Step 404: performing word segmentation on the sample text to obtain text word segmentation; performing word segmentation on the sample query word to obtain a query word;

the generative model is a neural network model with the ability to predict query terms for the input text. Illustratively, the generated model is an Encoder-decoder (Encoder-decoder) model structure based on a Bidirectional Encoder Representation (BERT) model, which is more common in the industry at present.

The method comprises the steps that word segmentation is carried out on a sample text in advance to obtain text word segments, and each text word segment is recorded as doc _ tokens after vectorization representation; and performing word segmentation on the sample query words to obtain query word segments, and recording each query word segment as query _ tokens after vectorization representation. Namely, the minimum unit after word segmentation is marked as token.

In the word segmentation process, the word segmentation module of the BERT model can be used for word segmentation (or word segmentation). Assuming that the generated model is a small BERT model (A Lite BERT for Self-supervised Learning of Language representation), the word segmentation module selects the word segmentation module in the ALBERT model.

Optionally, in the process of constructing the generative model by using the encoder and the decoder of the ALBERT model, the model parameters of the encoder and the decoder of the generative model are initialized by using the model parameters of the pre-training language model obtained by the universal corpus training. Wherein the encoder and decoder share model parameters during the training process.

Step 406: inputting the text word segmentation into an encoder to obtain encoded output;

for example, fig. 5 shows a schematic diagram of the structure of the generative model 10. Generative model 10 includes an encoder 12 and a decoder 14. In the training process, the computer device inputs each text word X in the text to be retrieved into the encoder 12 in sequence, and obtains encoded output.

Optionally, at the ith encoding time, the encoder 12 encodes the ith text word in the text to be retrieved to obtain the encoded output corresponding to the ith encoding time.
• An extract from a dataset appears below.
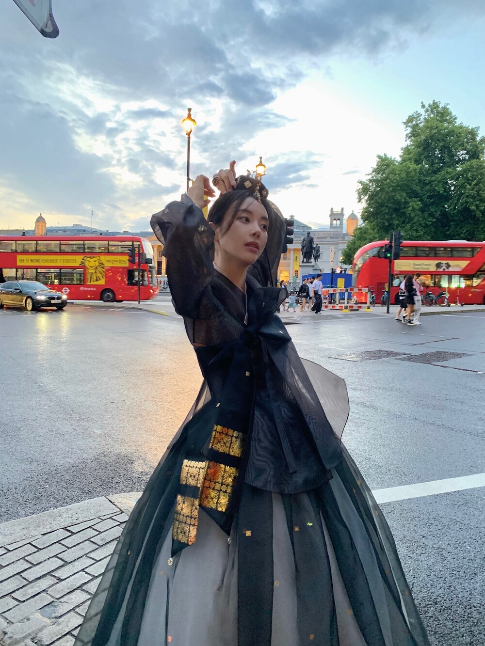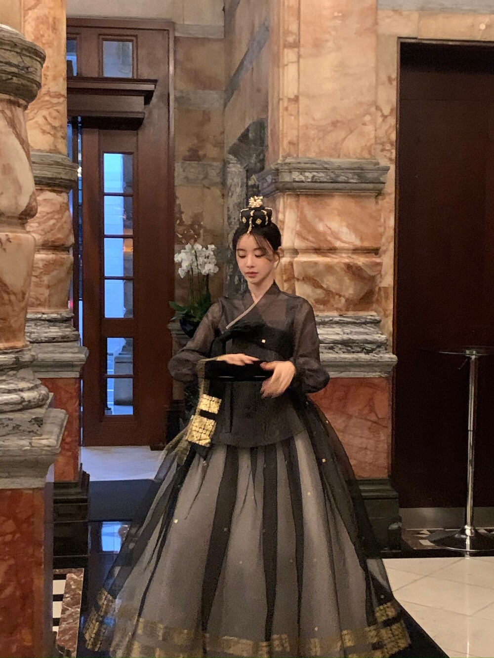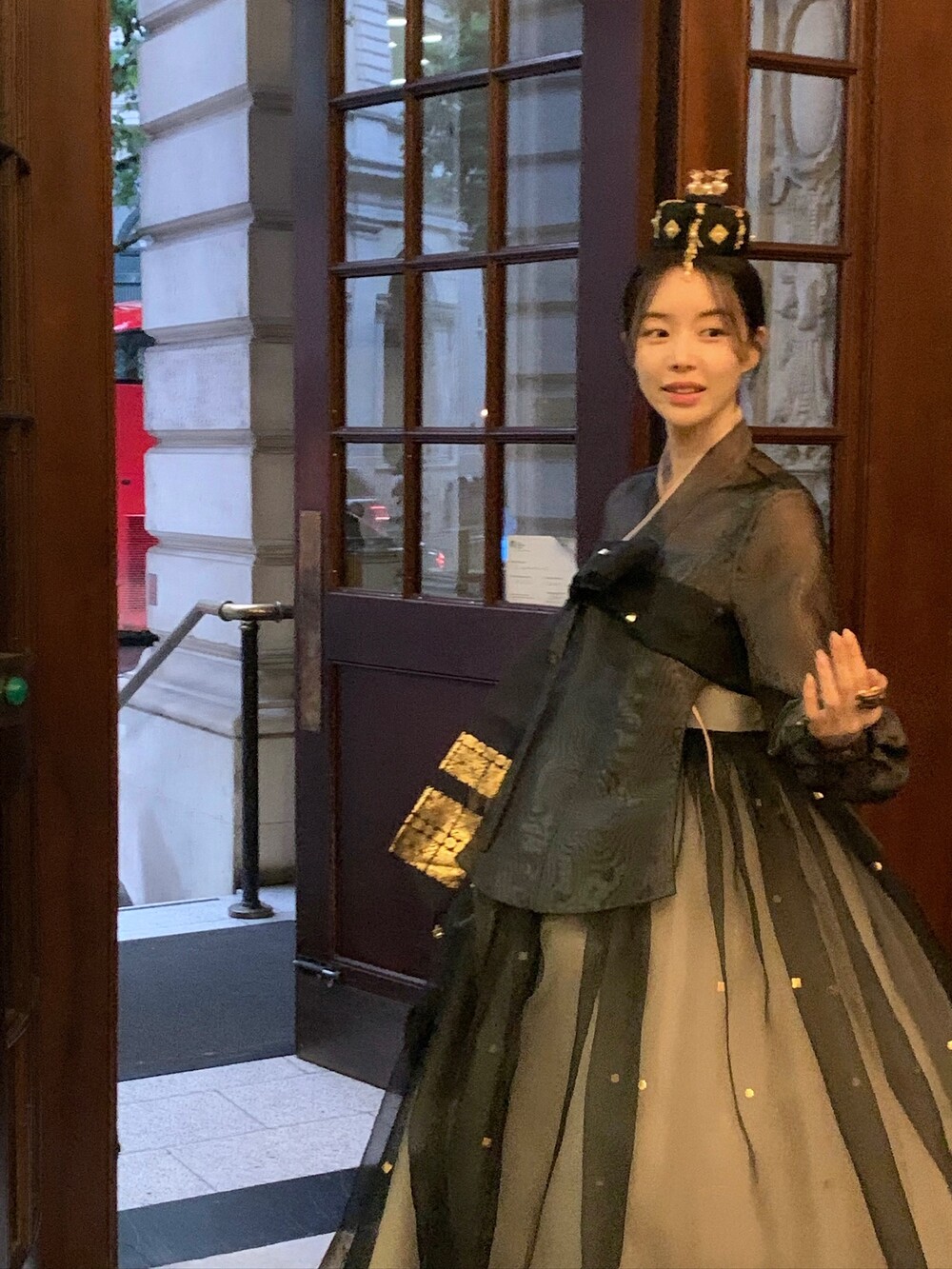 This Organza dress gracefully blends the sentiment of traditional Korean hanbok with a Western silhouette. The sheer, lightweight fabric creates a romantic and delicate mood, while the softly flared A-line shape adds volume and elegance. Intricate gold foil details along the hem subtly catch the light, infusing the look with traditional charm and a touch of luxurious brilliance.
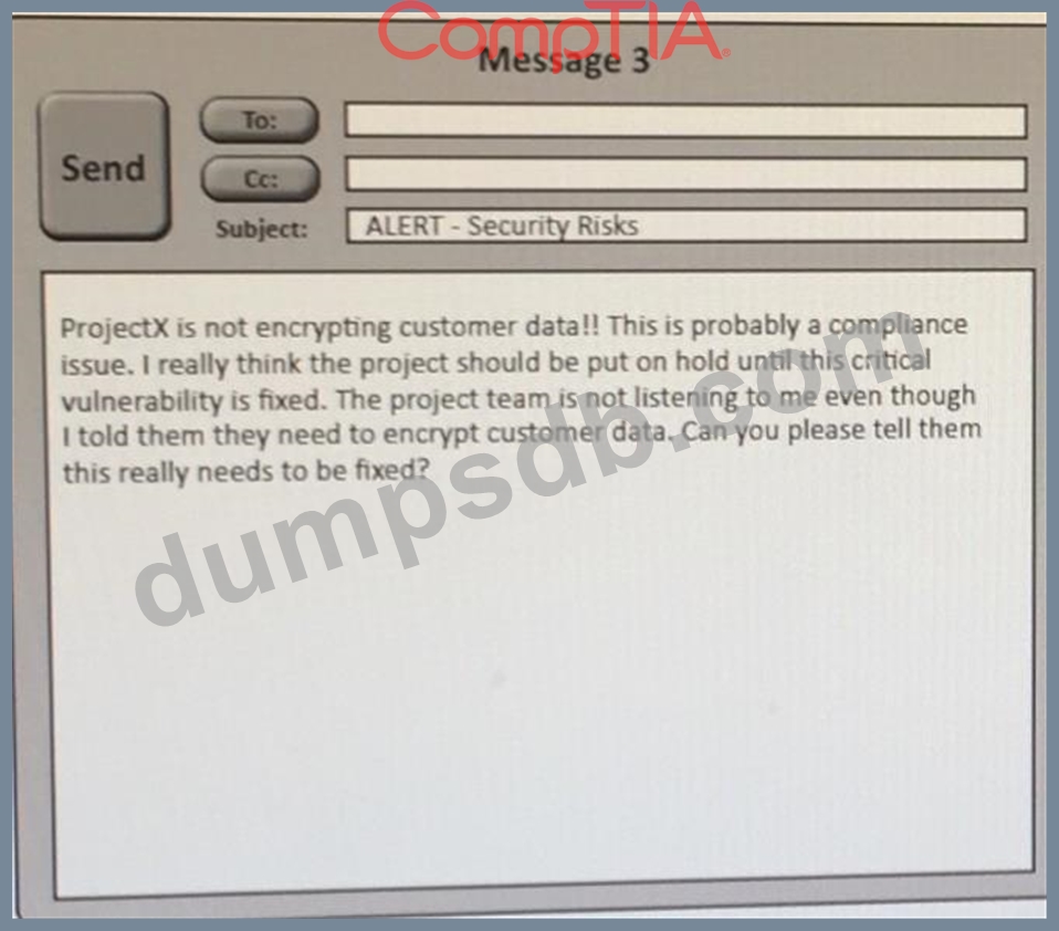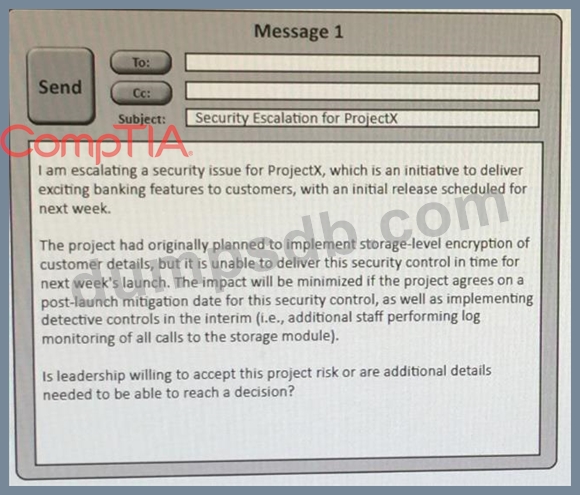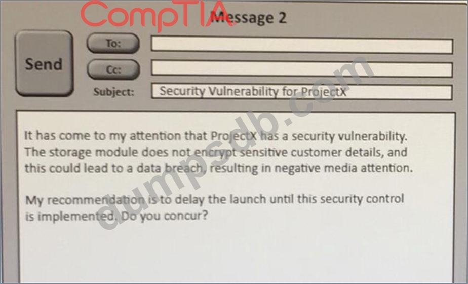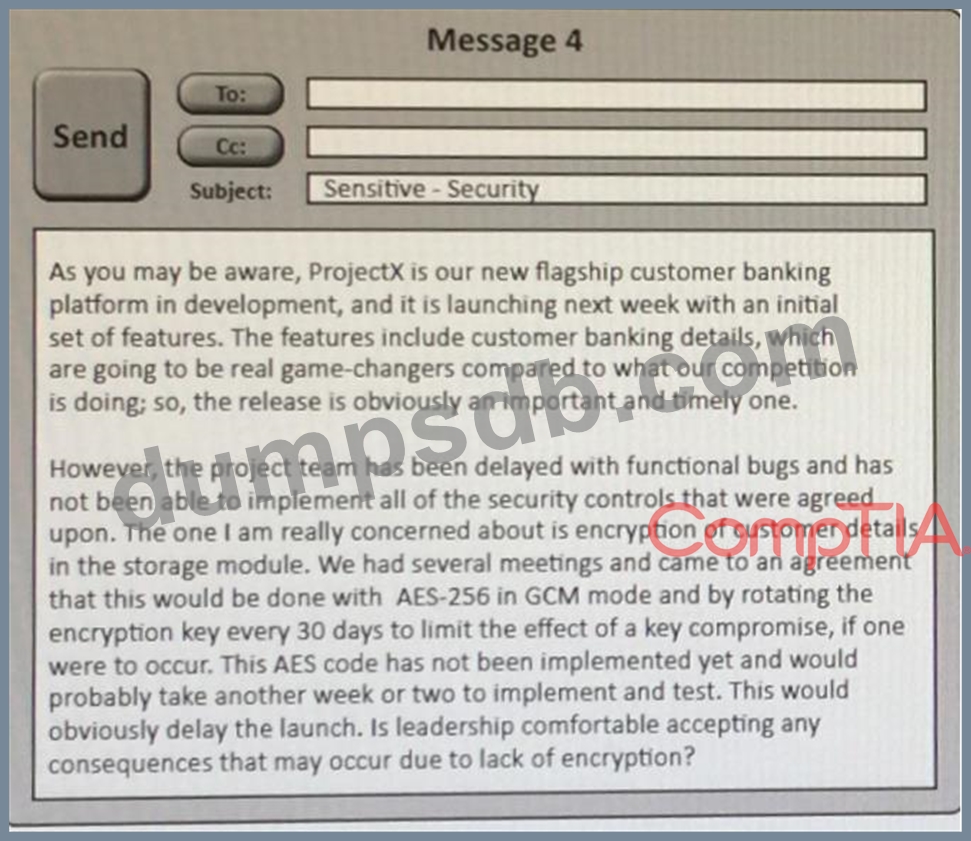 A security architect is working with a project team to deliver an important service that stores and processes customer banking details. The project, internally known as ProjectX, is due to launch its first set of features publicly within a week, but the team has not been able to implement encryption-at-rest of the customer records. The security architect is drafting an escalation email to senior leadership.

And obtaining the coded output of the text to be retrieved after all text participles in the text to be retrieved are coded.

Step 408: inputting the coding output and the correlation grade into a decoder to obtain a prediction query word;

in order to reflect the influence of the relevance grade on the text to be retrieved, the computer equipment inputs the coded output and the relevance grade into a decoder to obtain the predicted query participle.

Illustratively, an attention matrix is also designed between the encoder and the decoder. And the computer equipment carries out embedding processing on the sample correlation grade to obtain a correlation grade vector. Attention weighting is carried out on the correlation level vector and the coded output through an attention moment array to obtain a weighted vector; and inputting the weighted vector into a decoder, and decoding to obtain the predicted query participle.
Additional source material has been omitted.